Но сквозь эти шесть слоев Имп Плюс обнаружил, что его зрение разделено подобно субстанции, которой нужны дыры, чтобы пройти сквозь блок; и гораздо ниже шести слоев свечение уходило, как расстояние, и ближе всего к его распространению были спрессованные волокна аркой, излучающие— уносящиеся затем к дальнему месту, где память обещала карты древесной коры и карты космоса, которые были единой картой движения, — к месту, однако, как говорила память, что было слишком далеко для него, чтобы хотеть или быть.

Ниже этого желтый участок распространялся с той силой, что, как он видел, некогда текла через его машину. Подумать только, стало быть, что содержится в одной этой складке; подумать только, как далеко он ушел. Но он не мог дышать. Его притянуло туда, где он не знал, как подумать о том, чтоб дышать. Он хотел, чтобы его отсекло отсюда, — и, не понимая, мог ли он быть, он вновь обнаружил то плохое, слово для чего не мог припомнить, разве что как вопрос, а теперь понял — он не знает вопроса.

Он видел разделенный свет в глубине вдоль тропы. Раньше он вышел из своей складки на тропу, которая тянулась во много сторон. Дальше вверх обвал увеличивался, а в стенах и над головой были вырезы, как ступеньки. Вниз — или, по крайней мере, в другую сторону — к шести слоям света было меньше. Но сейчасон видел, как подволок, и стены, пульсируя, выдавливают длинный обвал наружу, чтобы стало больше пространства.

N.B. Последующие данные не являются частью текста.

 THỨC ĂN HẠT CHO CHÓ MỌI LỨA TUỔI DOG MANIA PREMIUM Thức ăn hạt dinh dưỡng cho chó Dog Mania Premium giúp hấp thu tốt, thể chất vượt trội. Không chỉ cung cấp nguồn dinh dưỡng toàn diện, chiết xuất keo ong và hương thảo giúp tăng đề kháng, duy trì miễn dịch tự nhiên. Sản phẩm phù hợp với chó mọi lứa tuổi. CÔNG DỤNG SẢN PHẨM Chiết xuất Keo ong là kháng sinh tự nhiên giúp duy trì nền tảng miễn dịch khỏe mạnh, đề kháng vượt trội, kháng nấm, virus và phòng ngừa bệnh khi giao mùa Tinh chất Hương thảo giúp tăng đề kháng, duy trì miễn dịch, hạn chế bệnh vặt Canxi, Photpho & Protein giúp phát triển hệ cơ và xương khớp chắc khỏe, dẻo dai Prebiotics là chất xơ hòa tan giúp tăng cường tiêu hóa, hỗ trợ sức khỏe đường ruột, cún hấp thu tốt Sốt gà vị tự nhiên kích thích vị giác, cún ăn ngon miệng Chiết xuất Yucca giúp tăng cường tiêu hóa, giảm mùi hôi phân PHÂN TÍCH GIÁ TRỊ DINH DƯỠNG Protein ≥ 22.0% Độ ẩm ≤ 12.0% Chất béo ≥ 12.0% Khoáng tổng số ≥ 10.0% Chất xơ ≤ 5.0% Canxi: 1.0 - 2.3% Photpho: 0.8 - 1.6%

Пульсация эта исходила не от стен и подволока, а от того, что на них: гладких, натянутых волокон. Именно они в конце внизу у шести слоев тянулись с плеч длинного обвала, чтобы воткнуться в слои, так как Имп Плюс смотрел в обе стороны.

Он проследил волокна вниз к слоям, мигающим в тех точках, куда достали волокна.

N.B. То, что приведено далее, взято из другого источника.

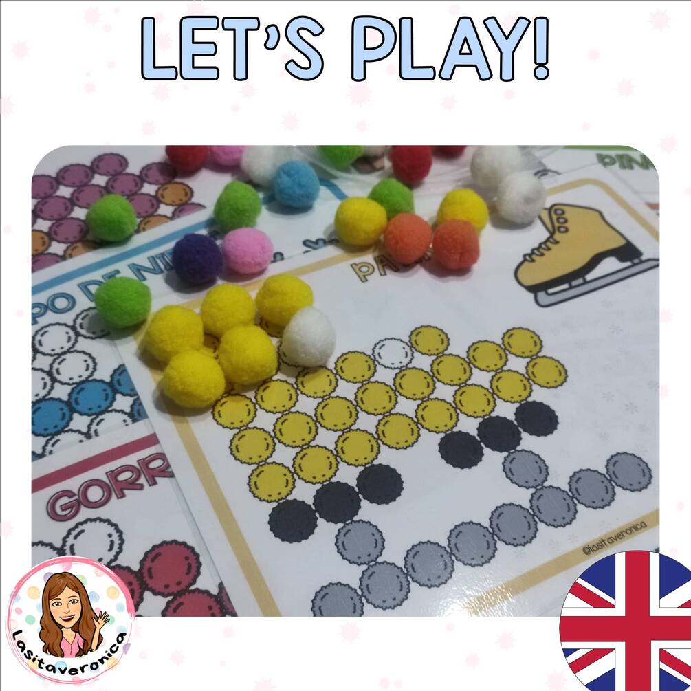 ¡No hay nada más divertido que jugar con los pompones! Gracias a estas plantillas con temática de invierno, el alumnado e hijos/as trabajarán y mejoran sus habilidades motoras, atención, lectoescritura, identificación de colores, motricidad fina,...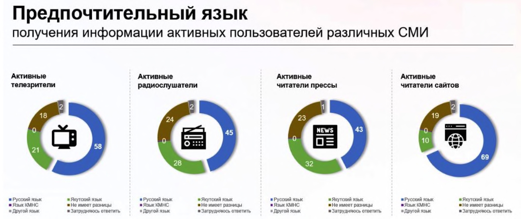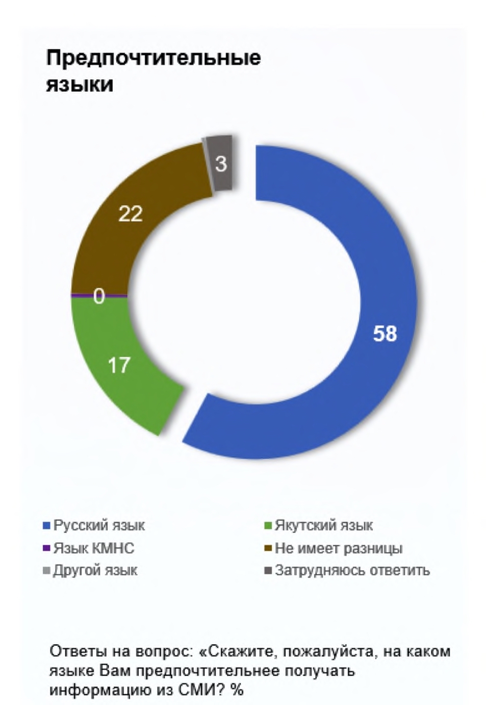 На вопрос «Скажите, пожалуйста, на каком языке Вам предпочтительнее получать информацию из СМИ?» бо́льшая часть респондентов из массива ответила, что предпочтительным языком получения информации из СМИ является русский язык (58 %). Якутский в качестве предпочтительного языка потребления указывают лишь 17 % опрошенных из общего массива. При этом 22 % ответили «Не имеет разницы» (рис. 3).

Но Имп Плюс реагировал, он хотел быть не здесь: поскольку с ним что-то случится, что не должно, но слово не явится с этим вопросом, который, возможно, и не поможет, а волокна пульсировали вовнутрь, словно они тоже, пусть и воткнутые в слои внизу, хотели выбраться.

Из чего? Его складки. Из того, что было телом и, как темнота, сброшенная величественной поблескивающей мембраной, было его?

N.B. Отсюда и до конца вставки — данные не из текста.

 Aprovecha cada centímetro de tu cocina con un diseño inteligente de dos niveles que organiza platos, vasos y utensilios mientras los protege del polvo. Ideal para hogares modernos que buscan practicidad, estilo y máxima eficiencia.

Было телом; было его; но не его телом, хоть и видимым взглядом, что, казалось, клетки смотрят сами, что вернуло его туда, идти куда он не хотел, тело из кусков все меньше и меньше, измышляющих себя.

Пока что он не мог зайти за эти слои внизу к сияющим участкам, выгнутым дугой прочь на красное и фиолетовое двойное расстояние. Но он мог быть во многих местах, и он знал это лучше, чем знал красное и фиолетовое там внизу с их чужим обещанием зеленого, если Имп Плюс быстро отведет взгляд, а потом вновь на них посмотрит. Однако обнаружил он удивительное слепое пятно. Новым шансом для него стало быть сразу больше, чем одним местом. Ниже вдоль этого зрительного тракта пересечение вело к слоям, — он видел (затем больше не видел, разве что припоминая) не одно тело, а два из слоев внизу.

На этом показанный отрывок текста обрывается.